--- Given information Enclosed Below ---

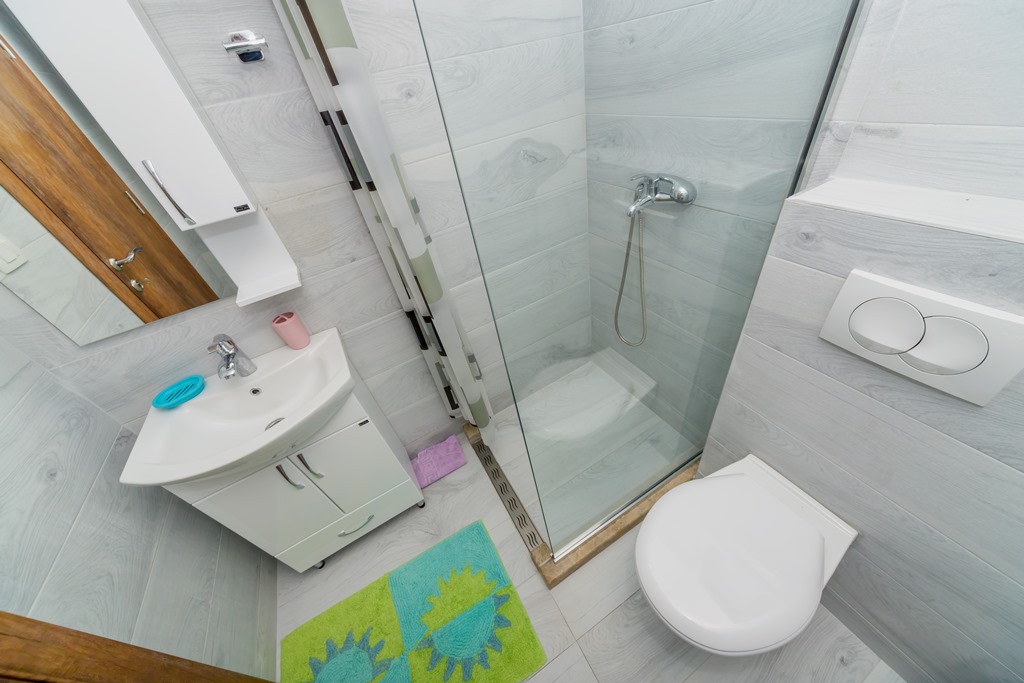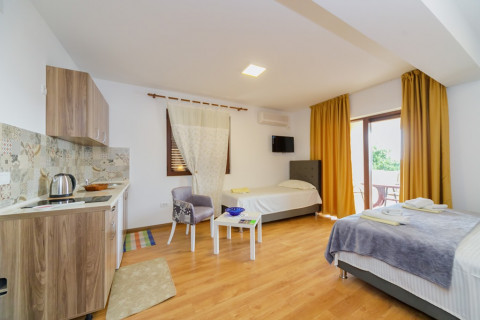 В STUD 03 sv: французьке та додаткове ліжка, обладнана кухня, кондиціонер, супутникове ТБ, Wi Fi інтернет, санвузол з душовою кабіною, великий балкон з видом на море. № 7,11. Максимальне розміщення: 3 чол.
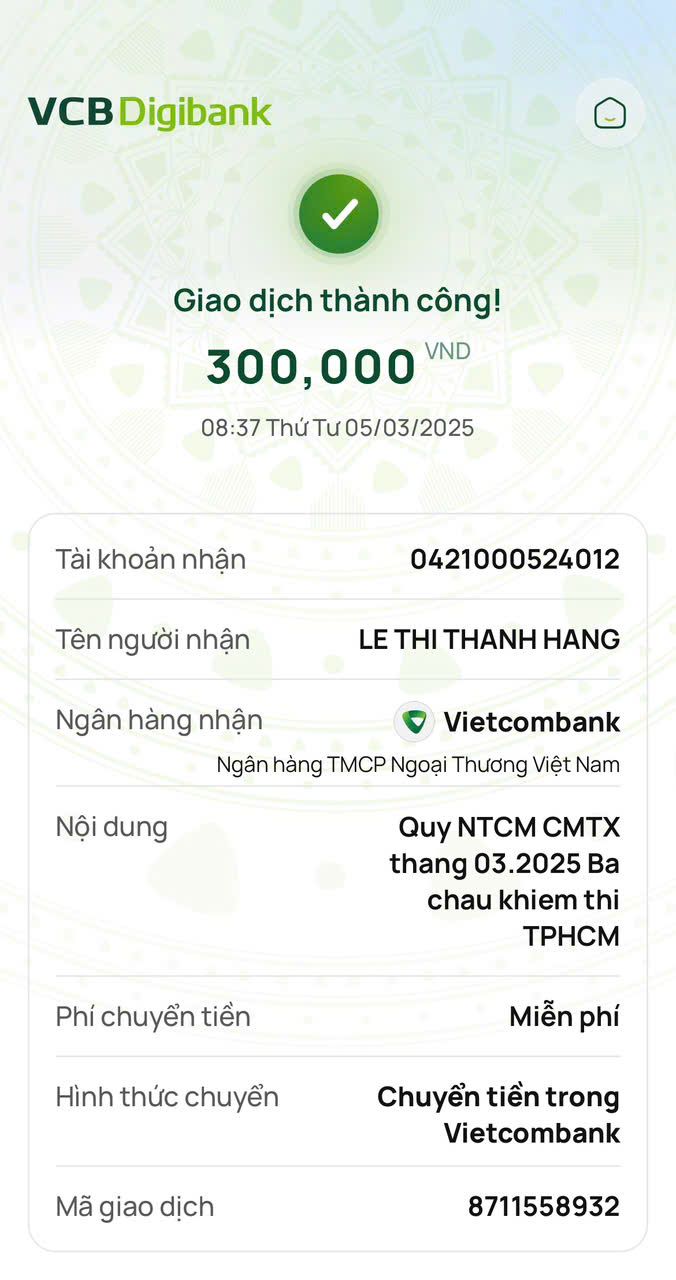Tieuhuongduong đã chuyển khoản CMTX tháng 3/2025 số tiền 300.000đ của Qũy NTCM và 300.000đ của chị Thanh Huy đến các cháu.
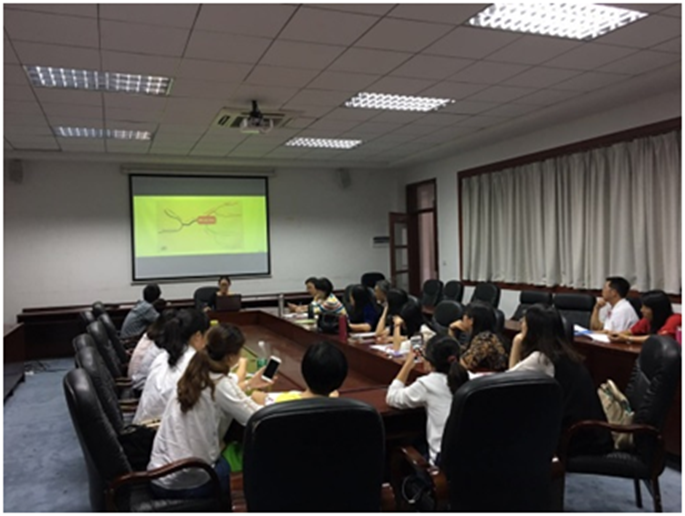 会议围绕如何开展基础阶段与高年级阶段英语教学衔接工作而展开。首先由皇婉贞,李海燕,李亮晶及谭静老师作为基础阶段教学代表分别对英语专业基础阶段课程教学方法做出了汇报总结。各位老师从员工存在的问题出发,逐一给出了目前各个课程所采用的解决方案,同时也提出了基础阶段教学过程中老师们的困惑。随后张蕾老师代表高年级英语教学组提出了高年级员工英语学习过程中出现的问题,并与基础阶段教师就如何有效衔接两个阶段教学做出了讨论,指出基础课程组可以在教材文本复杂度、词汇量标准、文化知识学习与阅读量等级设定方面与高年级课程对接。会议最后,王友贵教授给在座老师提出了几点建设性意见。王教授认为,要建设具有广商特色的英语专业,首先要从人才培养目标着眼,明确广商需要培养的是能够与他人沟通的双语人才;其次,要将各个年级的教学目标量化,规定员工结束一阶段学习后能够达到何种水平;最后,王教授以疑难词汇教学为例,提出了科研新思路,供老师们参考。

--- End of Enclosed Given information ---

Assigned task
All of the material above is to be copied exactly, with no pictures.

Final answer
 В STUD 03 sv: французьке та додаткове ліжка, обладнана кухня, кондиціонер, супутникове ТБ, Wi Fi інтернет, санвузол з душовою кабіною, великий балкон з видом на море. № 7,11. Максимальне розміщення: 3 чол.
Tieuhuongduong đã chuyển khoản CMTX tháng 3/2025 số tiền 300.000đ của Qũy NTCM và 300.000đ của chị Thanh Huy đến các cháu.
 会议围绕如何开展基础阶段与高年级阶段英语教学衔接工作而展开。首先由皇婉贞,李海燕,李亮晶及谭静老师作为基础阶段教学代表分别对英语专业基础阶段课程教学方法做出了汇报总结。各位老师从员工存在的问题出发,逐一给出了目前各个课程所采用的解决方案,同时也提出了基础阶段教学过程中老师们的困惑。随后张蕾老师代表高年级英语教学组提出了高年级员工英语学习过程中出现的问题,并与基础阶段教师就如何有效衔接两个阶段教学做出了讨论,指出基础课程组可以在教材文本复杂度、词汇量标准、文化知识学习与阅读量等级设定方面与高年级课程对接。会议最后,王友贵教授给在座老师提出了几点建设性意见。王教授认为,要建设具有广商特色的英语专业,首先要从人才培养目标着眼,明确广商需要培养的是能够与他人沟通的双语人才;其次,要将各个年级的教学目标量化,规定员工结束一阶段学习后能够达到何种水平;最后,王教授以疑难词汇教学为例,提出了科研新思路,供老师们参考。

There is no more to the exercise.